Produce as output only the lines below starting at the line with "Simple Pure Cotton Lantern Sleeve Blouse" and continuing through the line with "МИТРОФАНОВ И. В.", each one exactly as written.
### Records supplied ###
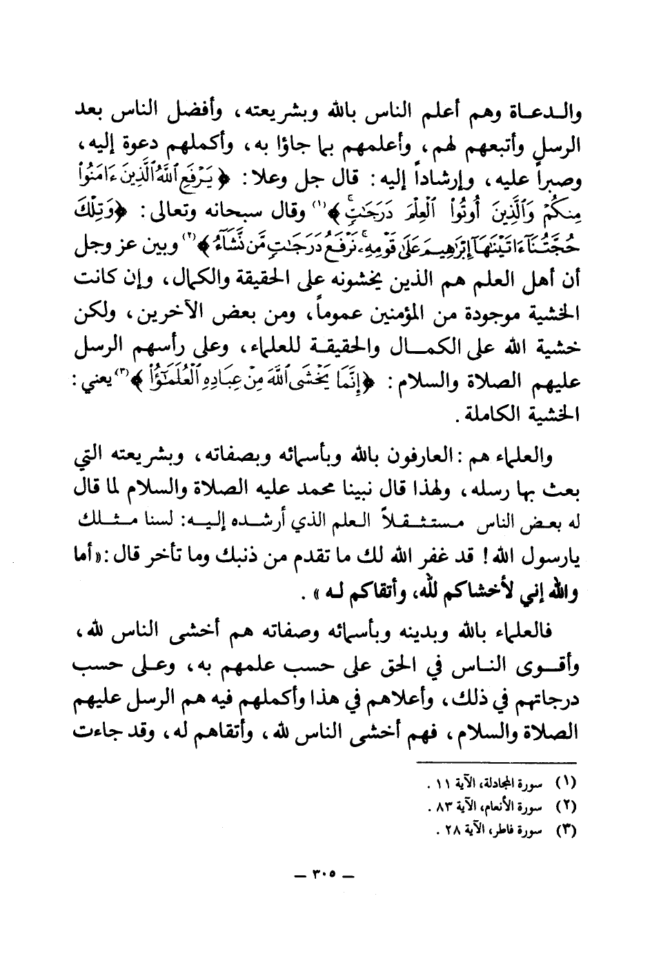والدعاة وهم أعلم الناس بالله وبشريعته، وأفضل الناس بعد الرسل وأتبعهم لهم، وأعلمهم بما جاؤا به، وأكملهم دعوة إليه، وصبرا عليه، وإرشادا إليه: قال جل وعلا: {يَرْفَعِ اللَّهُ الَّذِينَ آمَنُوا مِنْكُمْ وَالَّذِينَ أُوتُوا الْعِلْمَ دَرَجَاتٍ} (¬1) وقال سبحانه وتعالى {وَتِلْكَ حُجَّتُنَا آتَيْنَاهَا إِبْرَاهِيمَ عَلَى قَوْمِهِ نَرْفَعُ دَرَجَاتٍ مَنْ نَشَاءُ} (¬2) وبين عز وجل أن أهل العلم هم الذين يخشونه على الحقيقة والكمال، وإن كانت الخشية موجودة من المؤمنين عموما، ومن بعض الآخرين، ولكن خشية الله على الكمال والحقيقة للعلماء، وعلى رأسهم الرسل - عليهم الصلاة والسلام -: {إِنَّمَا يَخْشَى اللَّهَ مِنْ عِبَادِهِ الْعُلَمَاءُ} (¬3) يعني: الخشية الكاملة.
###
### Records supplied ###
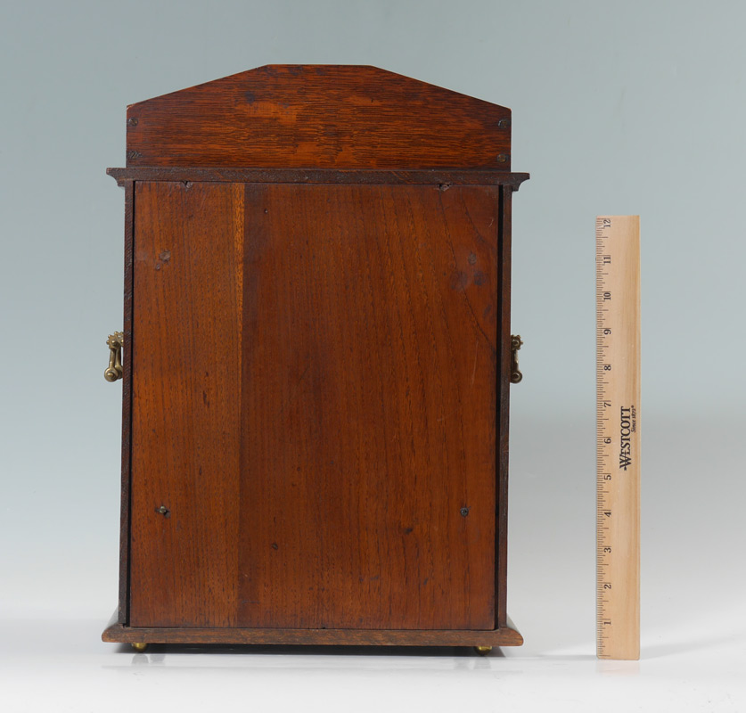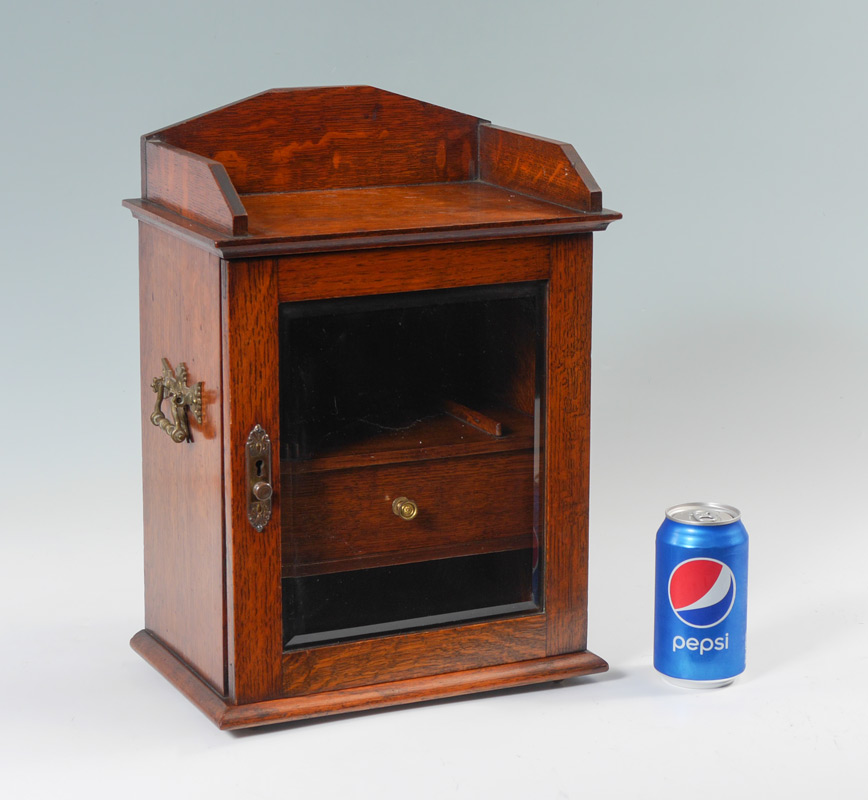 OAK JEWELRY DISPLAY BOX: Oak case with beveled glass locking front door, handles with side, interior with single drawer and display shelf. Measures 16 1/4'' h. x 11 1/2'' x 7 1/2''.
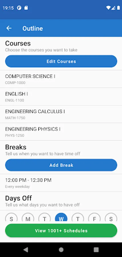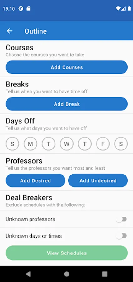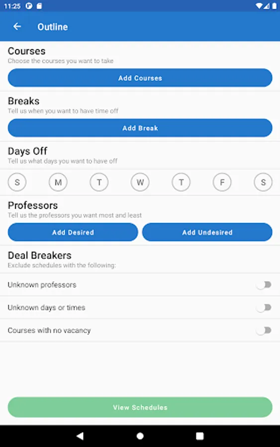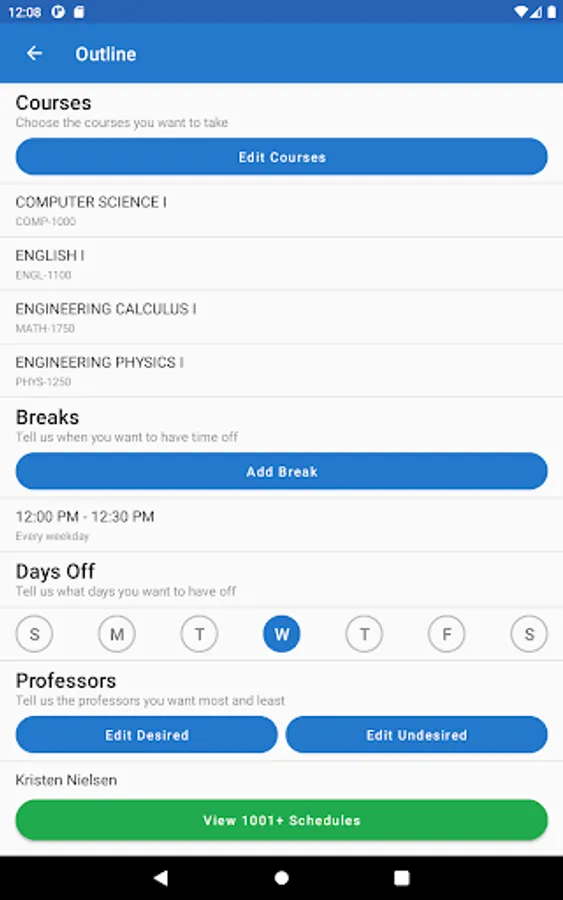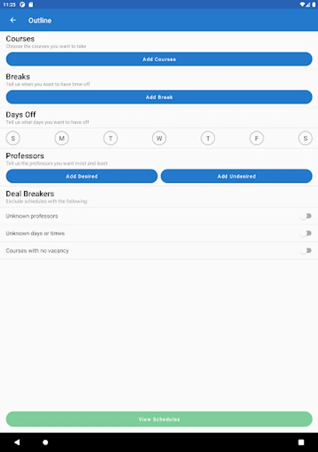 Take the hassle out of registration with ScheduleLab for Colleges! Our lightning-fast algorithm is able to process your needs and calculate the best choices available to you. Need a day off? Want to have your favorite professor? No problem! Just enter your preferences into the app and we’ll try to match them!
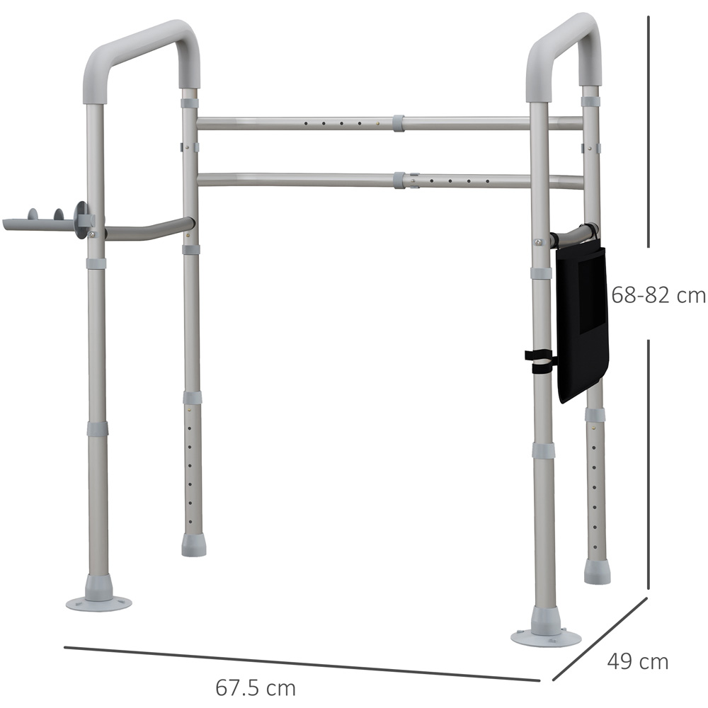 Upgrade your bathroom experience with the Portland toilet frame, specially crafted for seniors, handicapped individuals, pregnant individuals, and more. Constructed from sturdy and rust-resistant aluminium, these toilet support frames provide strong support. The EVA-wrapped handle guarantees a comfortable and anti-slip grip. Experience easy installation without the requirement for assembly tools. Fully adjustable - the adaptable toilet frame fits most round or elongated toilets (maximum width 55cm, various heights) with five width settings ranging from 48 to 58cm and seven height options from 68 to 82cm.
###
### Records supplied ###
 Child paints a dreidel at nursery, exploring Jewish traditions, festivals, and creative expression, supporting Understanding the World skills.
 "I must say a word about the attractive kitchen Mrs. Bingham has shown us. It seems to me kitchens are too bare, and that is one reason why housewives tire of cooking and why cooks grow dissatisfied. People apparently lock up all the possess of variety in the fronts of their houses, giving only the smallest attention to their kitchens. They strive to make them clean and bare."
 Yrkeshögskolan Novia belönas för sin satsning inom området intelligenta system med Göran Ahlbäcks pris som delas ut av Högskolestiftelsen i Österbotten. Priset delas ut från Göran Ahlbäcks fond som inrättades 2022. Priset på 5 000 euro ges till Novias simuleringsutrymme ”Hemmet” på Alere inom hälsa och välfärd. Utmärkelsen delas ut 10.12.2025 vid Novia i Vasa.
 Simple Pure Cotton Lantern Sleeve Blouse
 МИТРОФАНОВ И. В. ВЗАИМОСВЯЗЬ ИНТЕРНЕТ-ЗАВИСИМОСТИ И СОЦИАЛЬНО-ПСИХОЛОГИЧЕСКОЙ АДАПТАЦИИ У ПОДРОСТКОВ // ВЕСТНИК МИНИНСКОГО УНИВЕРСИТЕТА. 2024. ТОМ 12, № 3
###
# Your solution
 Simple Pure Cotton Lantern Sleeve Blouse
 МИТРОФАНОВ И. В. ВЗАИМОСВЯЗЬ ИНТЕРНЕТ-ЗАВИСИМОСТИ И СОЦИАЛЬНО-ПСИХОЛОГИЧЕСКОЙ АДАПТАЦИИ У ПОДРОСТКОВ // ВЕСТНИК МИНИНСКОГО УНИВЕРСИТЕТА. 2024. ТОМ 12, № 3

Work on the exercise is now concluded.